▶ Collected material

________________

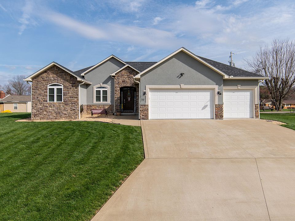 This beautiful, custom-built home located in London, Kentucky has been thoughtfully designed and constructed according to the homeowner's specifications. With an open floor plan that flows from the living room to the dining room and kitchen, leading out to the large covered deck, this house is perfect for entertaining and enjoying the spring and summer seasons. The kitchen has been designed with granite countertops, a stone backsplash, and Black Stainless Samsung appliances. The primary suite features a stunning ensuite bathroom with a double vanity, an oversized standalone bathtub, and a large tile shower with glass doors (plus a large walk-in closet!). You'll find two additional bedrooms split between a second full bathroom. Right off the entryway, there's a bonus room that could easily be converted into an additional fourth bedroom. This home also boasts a 720 sqft, three-car garage! Don't miss out on the chance to tour this stunning home today! Seller is offering a Home Warranty that is already in effect and will transfer to buyer at closing!
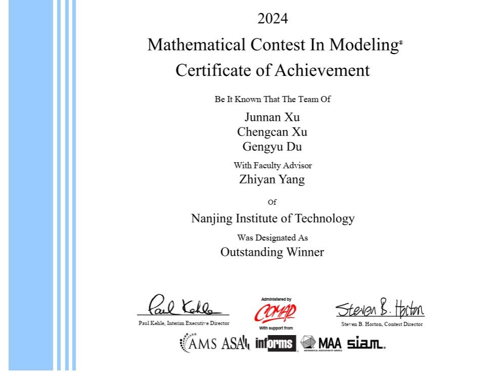 日前,2024年美国大学生数学建模竞赛(MCM/ICM)成绩揭晓。由beat365数理学院杨芝艳老师指导,许俊楠、许诚粲、杜耕宇组成的团队荣获国际特等奖,这是学校自参赛以来取得的最好成绩。同时,8支参赛队伍荣获国际二等奖,20支参赛队伍荣获国际三等奖,实现了参赛人数、获奖数量、获奖质量同步提升。
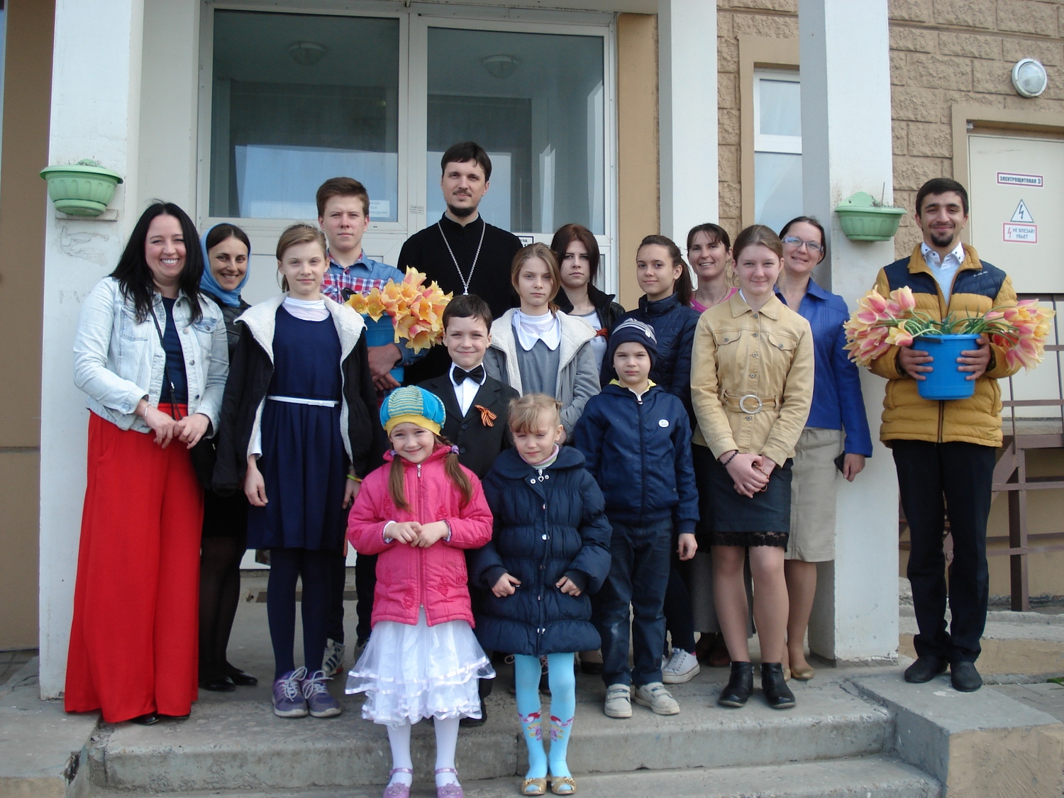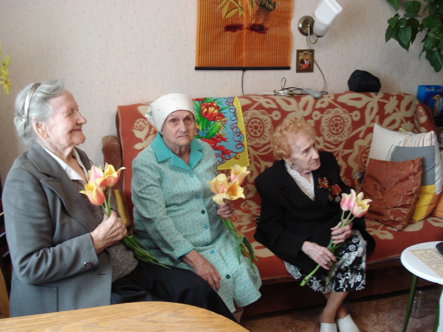 В теплой домашней обстановке за чаепитием прошла встреча с ветеранами, дети из воскресной школы пели песни военных лет, читали стихи, ветераны с трудом сдерживали слезы... Наша молодежь поблагодарила участников войны за их великий подвиг, который они совершили во имя светлого будущего. Каждому из них были подарены подарки и цветы, а также то внимание и любовь, в котором они так нуждаются. В конце было совместное фото на память... Не забыли никого... посетили всех... А тем, кто по каким-то причинам не смог открыть двери, просто оставляли цветы...

________________

▶ Problem to work on
Only the pictures should be left out; the rest of the material above must be repeated exactly.

▶ Output below
 This beautiful, custom-built home located in London, Kentucky has been thoughtfully designed and constructed according to the homeowner's specifications. With an open floor plan that flows from the living room to the dining room and kitchen, leading out to the large covered deck, this house is perfect for entertaining and enjoying the spring and summer seasons. The kitchen has been designed with granite countertops, a stone backsplash, and Black Stainless Samsung appliances. The primary suite features a stunning ensuite bathroom with a double vanity, an oversized standalone bathtub, and a large tile shower with glass doors (plus a large walk-in closet!). You'll find two additional bedrooms split between a second full bathroom. Right off the entryway, there's a bonus room that could easily be converted into an additional fourth bedroom. This home also boasts a 720 sqft, three-car garage! Don't miss out on the chance to tour this stunning home today! Seller is offering a Home Warranty that is already in effect and will transfer to buyer at closing!
 日前,2024年美国大学生数学建模竞赛(MCM/ICM)成绩揭晓。由beat365数理学院杨芝艳老师指导,许俊楠、许诚粲、杜耕宇组成的团队荣获国际特等奖,这是学校自参赛以来取得的最好成绩。同时,8支参赛队伍荣获国际二等奖,20支参赛队伍荣获国际三等奖,实现了参赛人数、获奖数量、获奖质量同步提升。
 В теплой домашней обстановке за чаепитием прошла встреча с ветеранами, дети из воскресной школы пели песни военных лет, читали стихи, ветераны с трудом сдерживали слезы... Наша молодежь поблагодарила участников войны за их великий подвиг, который они совершили во имя светлого будущего. Каждому из них были подарены подарки и цветы, а также то внимание и любовь, в котором они так нуждаются. В конце было совместное фото на память... Не забыли никого... посетили всех... А тем, кто по каким-то причинам не смог открыть двери, просто оставляли цветы...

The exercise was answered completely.